Until now Dick had supposed that the land chase had been entirely his
own notion, but he said nothing.
 
"Look here, Bill,"--it was Wilson breaking the silence,--"there isn't
any use of our trying to sleep to-night. Let's break out and run this
thing down."
 
"How are you going to know your way in the middle of the night?"
 
"Make 'em show us."
 
"Suppose you can't make them?"
 
"I know--you're still thinking about that boy. But we are no nearer him
than we were an hour ago."
 
"Listen a minute!"
 
They sat motionless. There was no sound; nothing but the heavy stillness
of the night.
 
Wilson whispered, "Think you heard something?"
 
"S-sh!"
 
A key turned softly in the lock. Then the door opened a little way,
and against the sky they could see a head. Wilson drew his revolver.
Beveridge heard the hammer click, and said quietly, "Don't be a fool,
Bert. Put that thing back in your pocket."
 
"Are you's in there?" came a voice from the door.
 
"Yes. Come along."
 
The door opened wider to admit the owner of the voice, then closed.

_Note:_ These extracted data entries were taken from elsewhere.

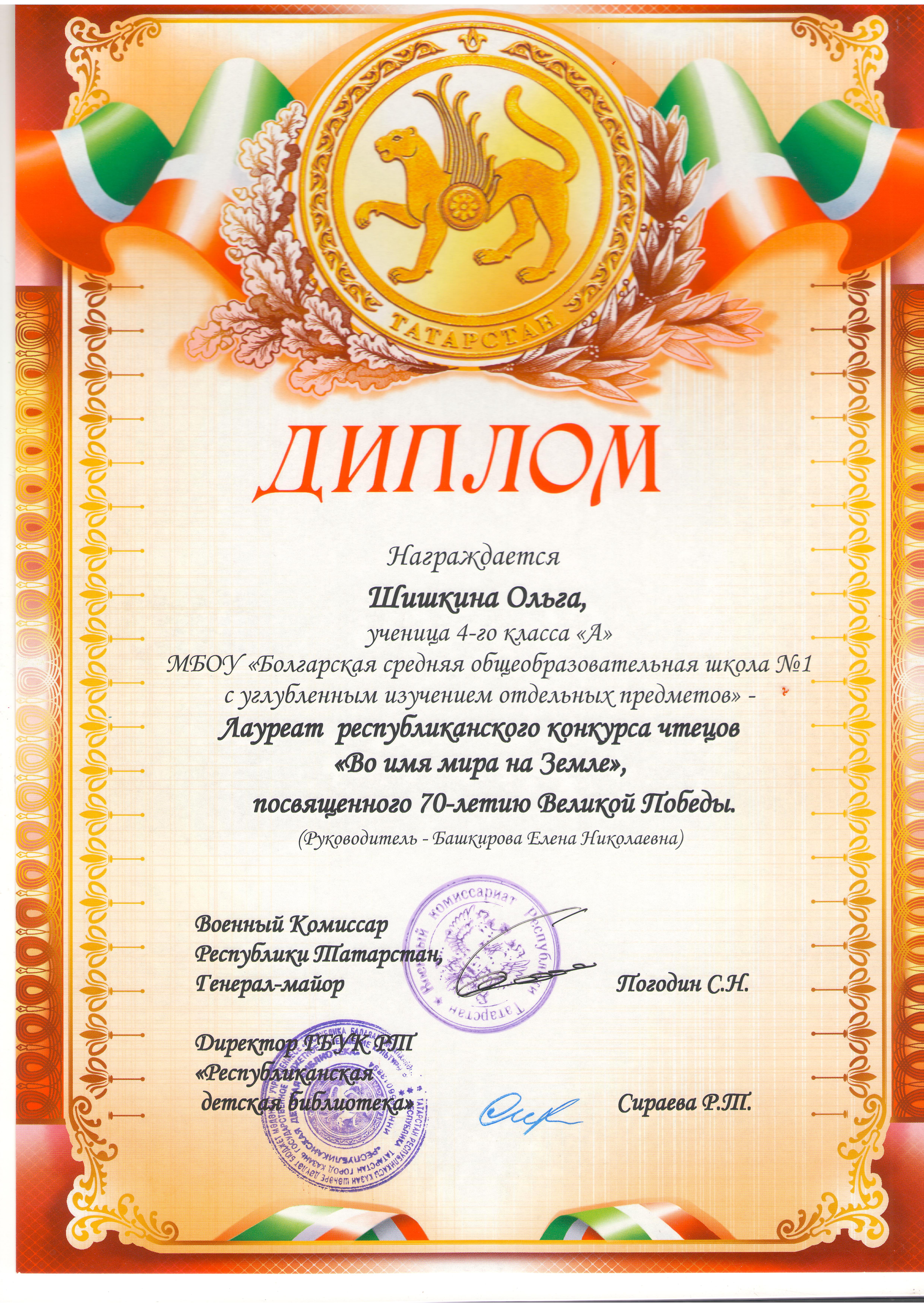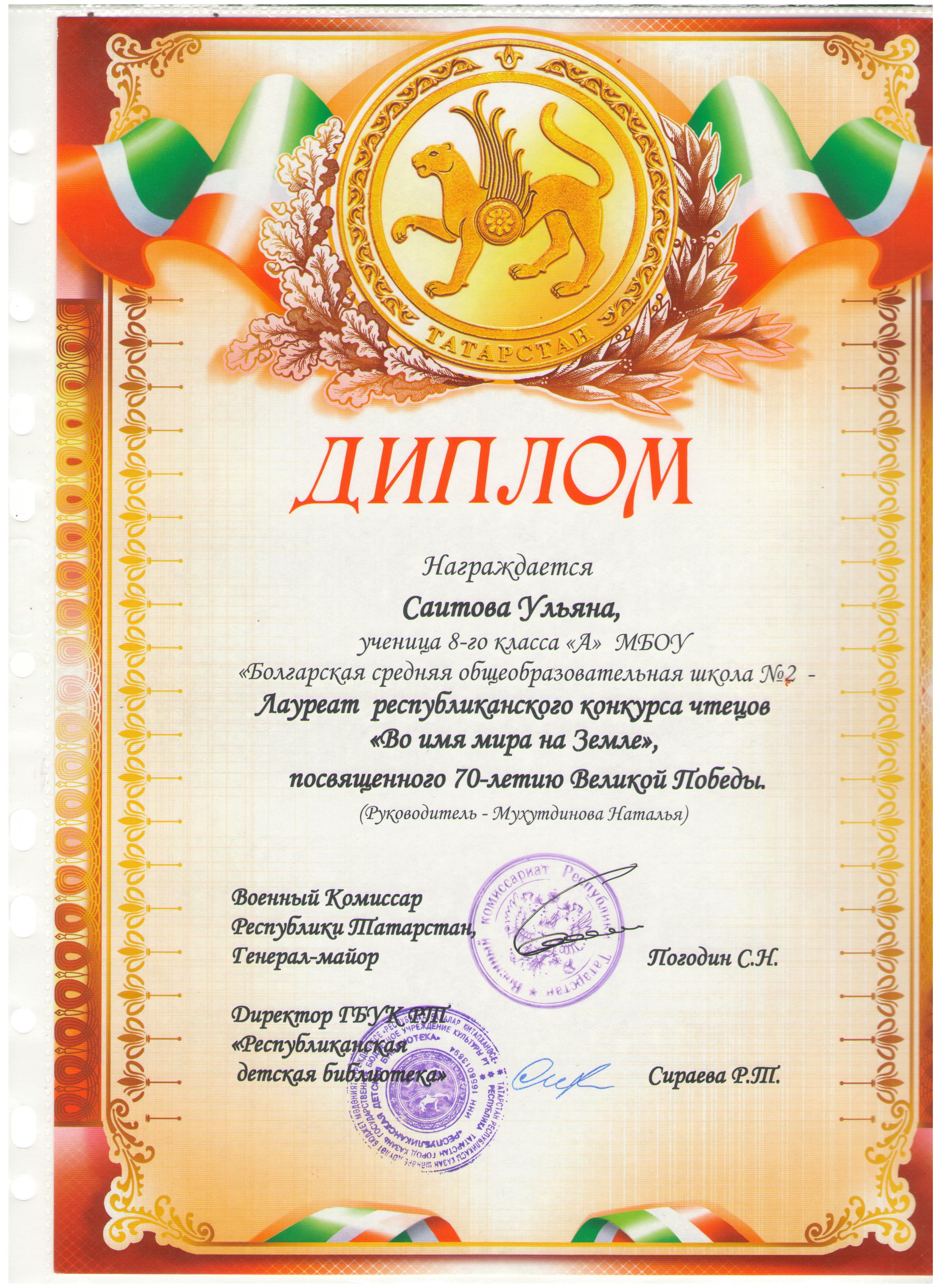 Республиканский конкурс чтецов «Во имя мира на Земле», посвященный 70-летию Великой Победы в ВОВ, проводился с 1 декабря 2014 года по 1 мая 2015 года. Организаторами конкурса были - Республиканская детская библиотека РТ и Военный Комиссариат РТ. В рамках Конкурса участникам предлагалось прочитать вслух стихотворение или отрывок из выбранного ими прозаического произведения, которое не входит в школьную программу по литературе, рассказывающего о героизме советских людей на фронте и тылу, о детях во время войны.
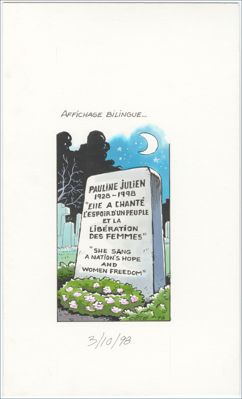 On peut voir une tombe :Pauline Julien1928-1998"Elle a chanté l'espoir d'un peuple et la libération des femmes""She sang a nation's hope and women freedom"
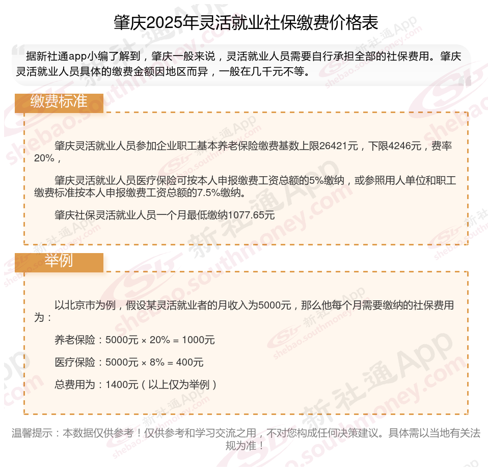 据新社通app数据显示,肇庆灵活就业人员养老缴费基数2024-2025年最新标准如下:

A moment later a lantern was lighted and held up before the grinning,
excited face of the farmer's son.
 
"Come on, Alex. What do you want?"
 
The boy slowly approached until he stood before them; then he set the
lantern on the floor, where it cast long shadows.
 
"What is it, my boy?"
 
Axel looked knowingly at them. "Say," he whispered, "I know what you's
are. You're detectives."
 
"Oh, we are, are we? What makes you think that?"
 
"You're detectives. I know."
 
"Sit down, and talk it over. Do you smoke?"